住宅ローン、ひそかに変わったお得の新常識 フラット35の制度変更で金利も引き継げる?
フラット35の制度変更によって比較の方法は多少変わったが、重要なことはどこから借りるかではなくこれから借りようとしている住宅ローンははたして問題なく返済できるかどうか、購入プランがライフプランと整合性が取れているか、という部分であることは伝えておきたい。
(※10月の制度変更では団信の保障内容も変更されているが、これは他行の団信と比較する形で改めて解説したい)
売却時に住宅ローンも引き継げる?
フラット35の制度変更は今年4月にも行われていた。それが「アシューマブルローン」の導入だ。これは従来フラット50では導入されていたが、フラット35でも利用できるようになった。

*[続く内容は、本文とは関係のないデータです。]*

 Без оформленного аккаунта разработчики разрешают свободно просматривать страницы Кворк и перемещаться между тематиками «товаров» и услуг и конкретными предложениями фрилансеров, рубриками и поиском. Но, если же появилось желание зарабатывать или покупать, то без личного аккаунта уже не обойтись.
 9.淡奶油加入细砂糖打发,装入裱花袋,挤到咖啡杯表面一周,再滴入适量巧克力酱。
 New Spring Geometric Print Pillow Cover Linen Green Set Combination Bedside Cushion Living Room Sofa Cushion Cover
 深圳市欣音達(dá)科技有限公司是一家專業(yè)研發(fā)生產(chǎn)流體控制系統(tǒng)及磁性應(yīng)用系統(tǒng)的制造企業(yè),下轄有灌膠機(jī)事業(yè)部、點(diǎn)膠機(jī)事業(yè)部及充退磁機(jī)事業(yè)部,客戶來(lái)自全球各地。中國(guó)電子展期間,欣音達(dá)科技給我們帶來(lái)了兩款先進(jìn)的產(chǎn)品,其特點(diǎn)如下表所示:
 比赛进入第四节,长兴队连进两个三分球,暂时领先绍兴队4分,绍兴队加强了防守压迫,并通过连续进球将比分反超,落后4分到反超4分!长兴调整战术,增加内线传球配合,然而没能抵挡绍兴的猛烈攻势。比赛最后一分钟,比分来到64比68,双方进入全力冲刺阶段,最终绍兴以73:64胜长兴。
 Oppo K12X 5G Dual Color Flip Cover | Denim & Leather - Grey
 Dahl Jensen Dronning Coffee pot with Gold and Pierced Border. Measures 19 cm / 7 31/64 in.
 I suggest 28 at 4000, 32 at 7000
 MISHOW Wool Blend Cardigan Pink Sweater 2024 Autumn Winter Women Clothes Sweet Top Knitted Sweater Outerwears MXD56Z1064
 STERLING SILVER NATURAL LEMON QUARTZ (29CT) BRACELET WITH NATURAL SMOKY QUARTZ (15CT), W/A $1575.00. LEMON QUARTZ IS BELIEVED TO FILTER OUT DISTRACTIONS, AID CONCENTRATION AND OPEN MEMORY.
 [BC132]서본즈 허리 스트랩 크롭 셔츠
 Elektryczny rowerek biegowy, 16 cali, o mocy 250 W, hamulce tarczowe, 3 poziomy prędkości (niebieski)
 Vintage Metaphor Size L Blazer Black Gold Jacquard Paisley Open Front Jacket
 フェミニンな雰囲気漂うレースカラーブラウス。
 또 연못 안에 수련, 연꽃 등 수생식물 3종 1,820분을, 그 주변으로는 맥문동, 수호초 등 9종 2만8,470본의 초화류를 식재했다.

聞き慣れない名称だが、一言で説明すると「家を売った際に住宅ローンも引き継ぎが可能」な仕組みとなる。
「いったい何のこっちゃ?」という説明になるが、中古であろうと新築であろうと、家を買う際にはその時々の金利で住宅ローンを組むことになる。しかし、フラット35でローンを組んだ人が住宅を売却する場合、自身が組んだローンと同じ金利で買い手もローンを組むことが可能になる。10年後に金利が何%であろうと、今月のローンであれば1.36%で買い手は借り入れが可能、という説明になる。つまりは住宅ローン金利を同じ条件で引き継げる。
もちろん買い手側がローンを組むには審査に通る必要はあるが、将来金利が上昇していた場合に効力を発揮する。たとえば今月Aさんが5000万円の物件を購入して、10年後に4000万円で売却のケースを想定する。仮に10年後の住宅ローン金利が3%であれば、買う側であるBさんが1.36%でローンを引き継いで購入できることは極めて大きなメリットとなる。
4000万円の物件を頭金1割(借り入れは3600万円)で購入する場合、金利が1.36%ならば総額で4926万円、3%ならば6218万円と、1000万円以上の差となる(いずれも全期間固定、返済期間35年、頭金も含んだ支払総額)。金利上昇時にこれだけ差がつくということは、物件価格にもプラスに働くことは間違いない。これはあくまでシミュレーションでしかないが、金利が上昇するほど売却価格にプラスの影響が大きくなる。
通常、金利と不動産価格はシーソーゲームの関係にあり、近年のマンション価格上昇は金利低下による部分が極めて大きい。つまり金利が上昇した際は不動産価格に下落圧力がかかるが、それを緩和する効果がアシューマブルローンを利用した場合に見込めることになる。
アシューマブルローンの利用条件はフラット35と同等で、長期優良住宅の認定を受けた住宅で借り換え時の利用は不可という以外は特別な条件は課されていないが、取扱金融機関は2017年10月時点で23社とごく一部に限られている。
扱っている金融機関が一部に限られている理由は、金利が上昇した場合は当然のことながらアシューマブルローンがお得になり、金融機関からすればわざわざライバルを増やしかねないことが原因と思われる。
したがって今後も自社で長期固定の住宅ローンがない金融機関(信用金庫等)を中心に取り扱いが増える可能性も高く、手数料や金利水準だけでお得な住宅ローンを探しているとアシューマブルローンの存在自体に気づかないケースも出てくるかもしれない。
将来住み替えの可能性がある人は資産価値の高い物件を選びたいと考えているケースも多いが、立地や建物の質だけではなくローンの種類によっても売値が変わる可能性があることも考慮に入れておいたほうがいいだろう。